Exercise data: Begin
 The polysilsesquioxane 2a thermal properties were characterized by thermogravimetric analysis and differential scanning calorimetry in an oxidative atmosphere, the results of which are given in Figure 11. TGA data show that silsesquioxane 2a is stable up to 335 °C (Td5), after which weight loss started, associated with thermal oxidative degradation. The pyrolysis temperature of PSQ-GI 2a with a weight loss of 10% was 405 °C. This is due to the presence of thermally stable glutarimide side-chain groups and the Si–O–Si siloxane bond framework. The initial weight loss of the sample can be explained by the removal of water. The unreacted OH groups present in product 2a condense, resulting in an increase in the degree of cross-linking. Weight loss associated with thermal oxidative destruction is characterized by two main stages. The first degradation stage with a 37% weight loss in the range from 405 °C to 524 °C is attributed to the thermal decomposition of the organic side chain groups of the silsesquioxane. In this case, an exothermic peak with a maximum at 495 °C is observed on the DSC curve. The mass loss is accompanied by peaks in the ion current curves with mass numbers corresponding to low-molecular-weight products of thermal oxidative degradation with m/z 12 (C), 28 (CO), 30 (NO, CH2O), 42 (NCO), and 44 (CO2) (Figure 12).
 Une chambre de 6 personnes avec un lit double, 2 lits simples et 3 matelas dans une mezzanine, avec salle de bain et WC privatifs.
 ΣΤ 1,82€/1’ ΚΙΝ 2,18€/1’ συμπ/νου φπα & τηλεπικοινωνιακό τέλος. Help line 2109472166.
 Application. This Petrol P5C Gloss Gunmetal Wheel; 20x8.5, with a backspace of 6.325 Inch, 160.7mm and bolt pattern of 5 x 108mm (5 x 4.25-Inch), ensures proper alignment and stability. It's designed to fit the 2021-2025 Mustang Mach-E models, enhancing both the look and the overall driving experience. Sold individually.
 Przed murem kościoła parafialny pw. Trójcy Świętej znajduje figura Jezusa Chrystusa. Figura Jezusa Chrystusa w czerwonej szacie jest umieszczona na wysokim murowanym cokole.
Exercise data: End
**Description of the task**
Everything in the listing is to be restated exactly.

**Task result**
 The polysilsesquioxane 2a thermal properties were characterized by thermogravimetric analysis and differential scanning calorimetry in an oxidative atmosphere, the results of which are given in Figure 11. TGA data show that silsesquioxane 2a is stable up to 335 °C (Td5), after which weight loss started, associated with thermal oxidative degradation. The pyrolysis temperature of PSQ-GI 2a with a weight loss of 10% was 405 °C. This is due to the presence of thermally stable glutarimide side-chain groups and the Si–O–Si siloxane bond framework. The initial weight loss of the sample can be explained by the removal of water. The unreacted OH groups present in product 2a condense, resulting in an increase in the degree of cross-linking. Weight loss associated with thermal oxidative destruction is characterized by two main stages. The first degradation stage with a 37% weight loss in the range from 405 °C to 524 °C is attributed to the thermal decomposition of the organic side chain groups of the silsesquioxane. In this case, an exothermic peak with a maximum at 495 °C is observed on the DSC curve. The mass loss is accompanied by peaks in the ion current curves with mass numbers corresponding to low-molecular-weight products of thermal oxidative degradation with m/z 12 (C), 28 (CO), 30 (NO, CH2O), 42 (NCO), and 44 (CO2) (Figure 12).
 Une chambre de 6 personnes avec un lit double, 2 lits simples et 3 matelas dans une mezzanine, avec salle de bain et WC privatifs.
 ΣΤ 1,82€/1’ ΚΙΝ 2,18€/1’ συμπ/νου φπα & τηλεπικοινωνιακό τέλος. Help line 2109472166.
 Application. This Petrol P5C Gloss Gunmetal Wheel; 20x8.5, with a backspace of 6.325 Inch, 160.7mm and bolt pattern of 5 x 108mm (5 x 4.25-Inch), ensures proper alignment and stability. It's designed to fit the 2021-2025 Mustang Mach-E models, enhancing both the look and the overall driving experience. Sold individually.
 Przed murem kościoła parafialny pw. Trójcy Świętej znajduje figura Jezusa Chrystusa. Figura Jezusa Chrystusa w czerwonej szacie jest umieszczona na wysokim murowanym cokole.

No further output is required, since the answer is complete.